Enhancing Global Dialogue in Sociocultural, Political, Economic and Health Determinants in SARA

Wednesday, 9 July 2008: 10:50 AM
Rose E. Constantino, PhD, JD, RN, BSN, MN , Health and Community Systems, University of Pittsburgh School of Nursing, Pittsburgh, PA
Faustino, Jerome G. Babate, RN, MBA , Community Health, The Graduate School of Dadiangas University, General Santos, Philippines
Patricia A. Crane, PhD, MSN, RNC, WHNP , Women's Health, University of Texas Medical Branch, Galveston, TX
Ayman Hamdan-Mansour, PhD, MSc, RN , Community Health Nursing, University of Jordan, Amman, Jordan
Kawkab Shishani, PhD, MSN, BSN , Hashemite University, Zarqa, Jordan
Honorable Tricia R. Hunter, RN, MN , Government Relations Group, Sacramento, CA
The purpose of this presentation is to demonstrate with case examples that sociocultural political, economic, and health determine the feasibility, acceptability, and effectiveness of HELP. Various definitions of SARA in the US, Jordan, and the Philippines exist while multiple intersecting factors impact SARA care globally. Within each country, vast variations, attitudes and opinions regarding SARA crimes and suffering evolve.
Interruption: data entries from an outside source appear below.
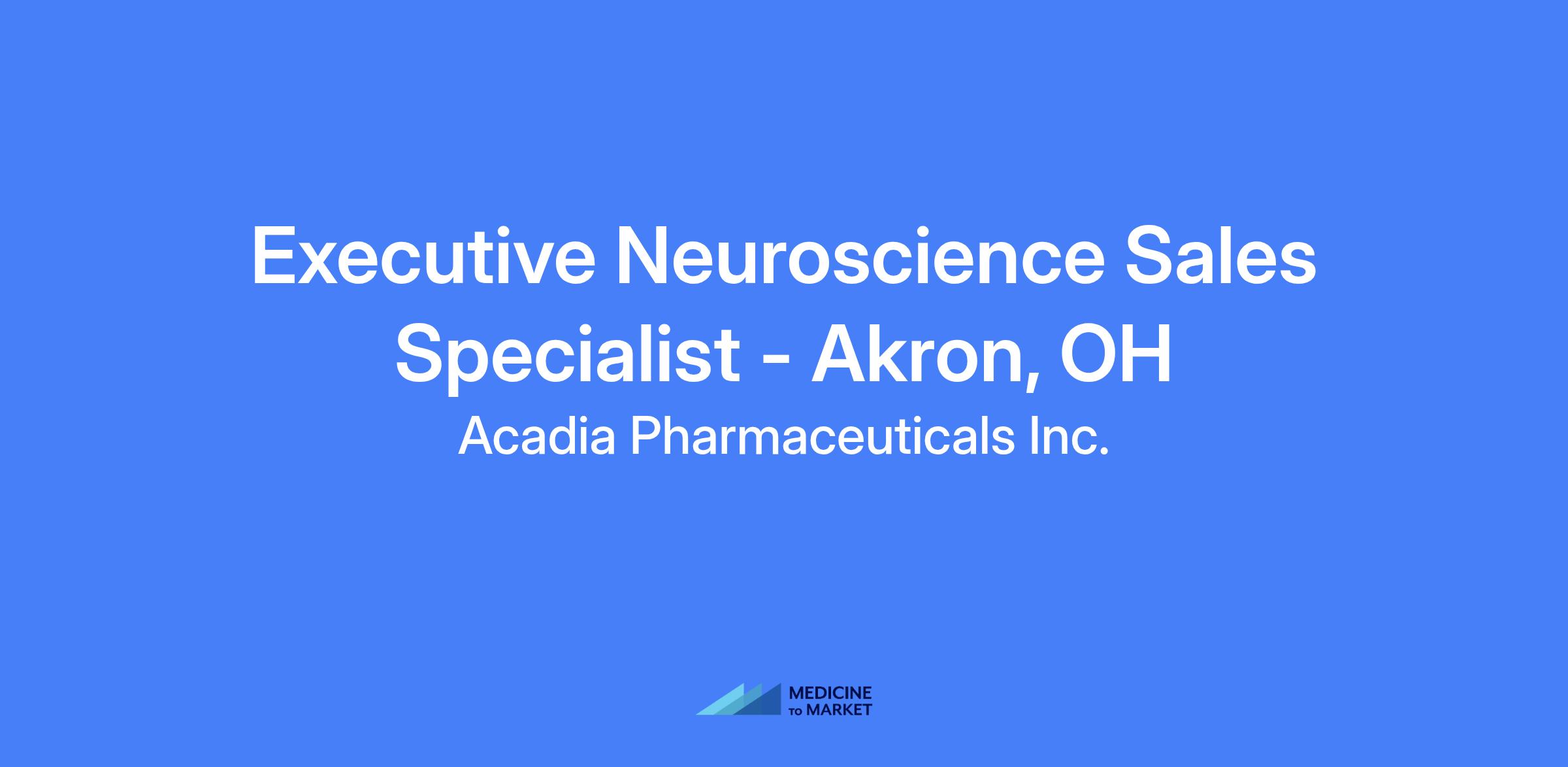 - Deep understanding of neuroscience disease states, Acadia products, and local/regional market dynamics.
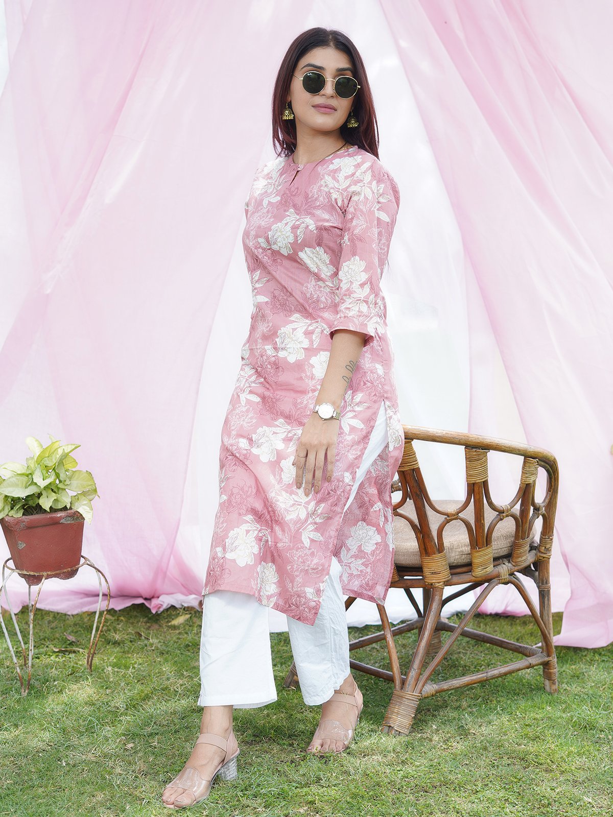 Add to WishlistAdd to WishlistSaanvi: Bright Blossom Cotton Kurti Set
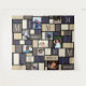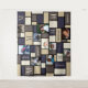 A modern chic geometric colour block design tapestry in a neutral coastal colour theme featuring your 10 photo collage and monogram. Personalise this stylish wall hanging with your monogram initial and name artfully arranged across the colour blocks in a neutral colour palette of Soybean [tan] Eclipse [navy blue] Sweet Corn [off white] and Brown Granite [deep grey] on classic black. On trend for Spring 2019 this colour combo evokes the spirit of coastal beach sands and nautical waters. This 10 photo tapestry is a beautiful way to showcase your favourite family, pet, Instagram photos or memorable pictures of your experiences. Update your home decor, warm up the dorm room or create a thoughtful personalised gift for someone special with this unique "Coastal Calm" colour block photo fabric wall art.
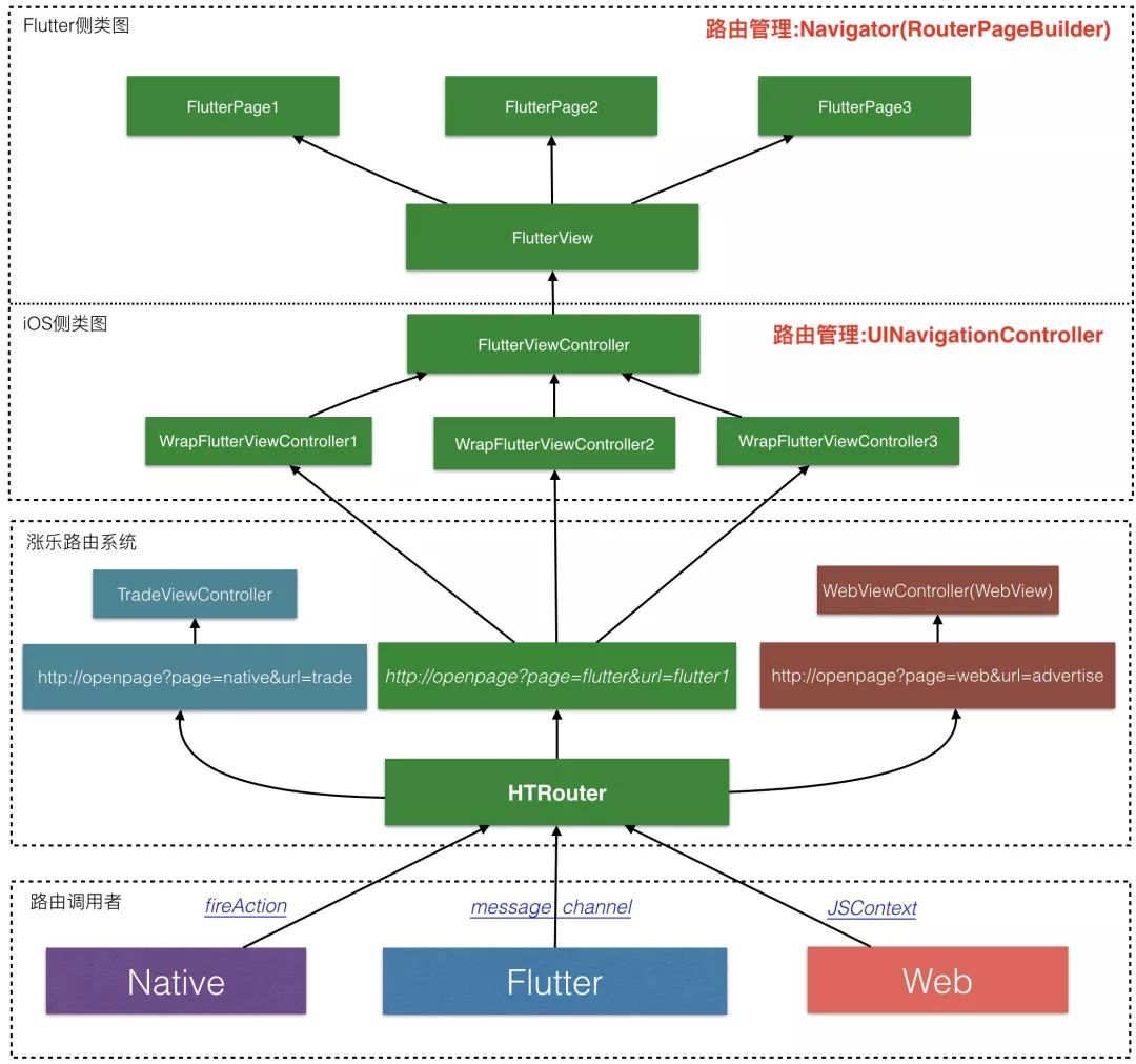 为此,我们借鉴了闲鱼团队开源的混合栈管理方案,并与我们现有的路由管理方案相结合,在涨乐上实现了混合栈管理,具体架构图如下:

Often, recognition of differences within and among culturally defined populations is lacking. Other factors that may influence care include attitudes towards the human body, attitudes towards sex, gender, marriage and family, level of understanding and acceptance of the sexual activities and practices of other cultures, individual survival, and attitudes towards victims of crime and criminals. SARA, HELP, and cultural competence will be defined. The World Health Organization's ecological model in tandem with the collaborative partnership synergy model will be explained. The usefulness of these models in enhancing SARA care their families and communities and villages is explained from a cultural competence and synergy perspective. Understanding the roots of SARA from personal, to family and community factors, social relationships, norms and behaviors, and influence of society at large that affect the sanctions or protections against SARA perpetrators is crucial. The three levels of prevention in SARA care: primary level-before SARA occurs, secondary level-emergent and immediate treatment, and tertiary level-follow-care and long-term care will be addressed. HELP will be integrated as a holistic approach to improved care of survivors of SARA among countries. Examination of prejudices and attitudes among a diverse transdisciplinary care providers that convey respect for the values, beliefs, and customs is important. Culturally and technologically competent diverse transdisciplinary partners may offer ample opportunity to institute individual and institutional change globally and promote the feasibility, acceptability, and effectiveness of HELP outcomes while respecting human rights from a global perspective.